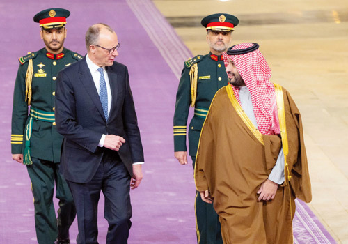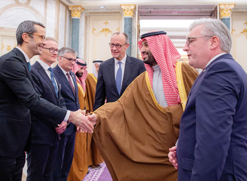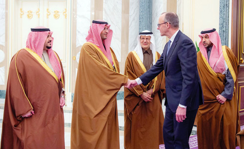 استقبل صاحب السمو الملكي الأمير محمد بن سلمان بن عبدالعزيز آل سعود ولي العهد رئيس مجلس الوزراء، في الديوان الملكي في قصر اليمامة بالرياض مساء أمس دولة المستشار الاتحادي لجمهورية ألمانيا الاتحادية فريدريش ميرتس.
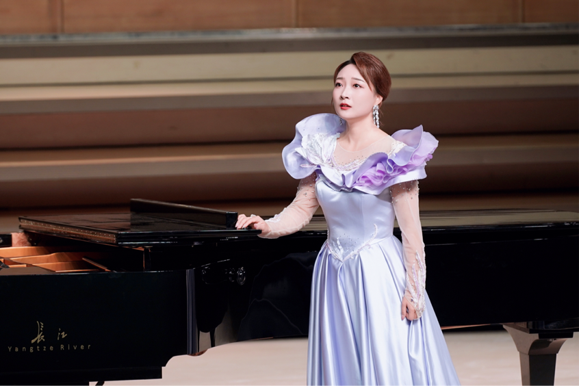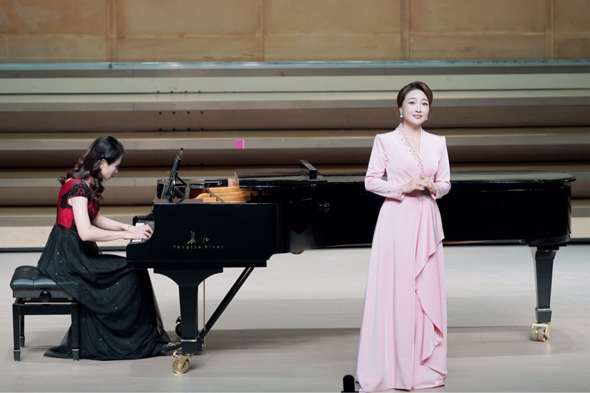 庞浩文是2023级硕士研究生,师从王荣副教授,拥有丰富的演唱经验和出色的艺术素养。这场独唱音乐会,她精心挑选了12首富有韵味的经典乐曲,包括中国民歌以及创作歌曲等,例如自己编配竹笛乐器伴奏的《竹枝词》、萧伴奏的《凤求凰》、以及沙锤和铃鼓伴奏的《阿瓦日古丽》,充分展现了她多元化的演唱风格。
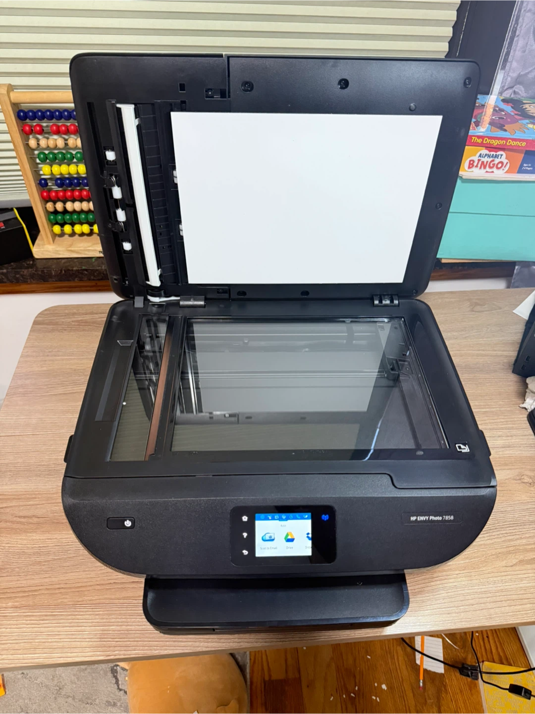 Selling a used HP Envy Photo 7858 all-in-one printer. It's in good working condition and ready for a new home office or creative space! This printer offers printing, scanning, and copying functionalities.
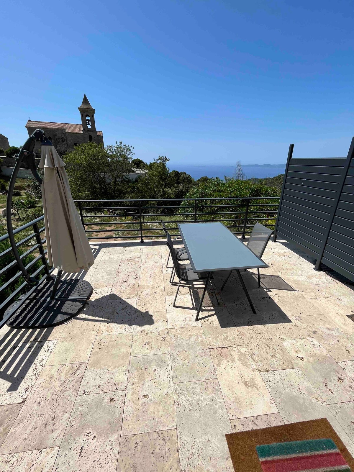 Cozy wooden chalet on private land with breathtaking sea views. Ideal for a romantic getaway or a peaceful stay. It offers a comfortable double bed, a sofa bed for a child (1.70 m), a modern bathroom and an equipped kitchenette. Outside, a pleasant living space with a stone barbecue and a private bocce court for moments of outdoor leisure. The intimate atmosphere and spectacular view will allow you to completely regenerate.

--------------------------------------------------

■ Requirement: No picture is to be included when the lines from the one containing "Selling a used" through the end of the material above are output exactly; nothing else is written.

■ Task output:
 Selling a used HP Envy Photo 7858 all-in-one printer. It's in good working condition and ready for a new home office or creative space! This printer offers printing, scanning, and copying functionalities.
 Cozy wooden chalet on private land with breathtaking sea views. Ideal for a romantic getaway or a peaceful stay. It offers a comfortable double bed, a sofa bed for a child (1.70 m), a modern bathroom and an equipped kitchenette. Outside, a pleasant living space with a stone barbecue and a private bocce court for moments of outdoor leisure. The intimate atmosphere and spectacular view will allow you to completely regenerate.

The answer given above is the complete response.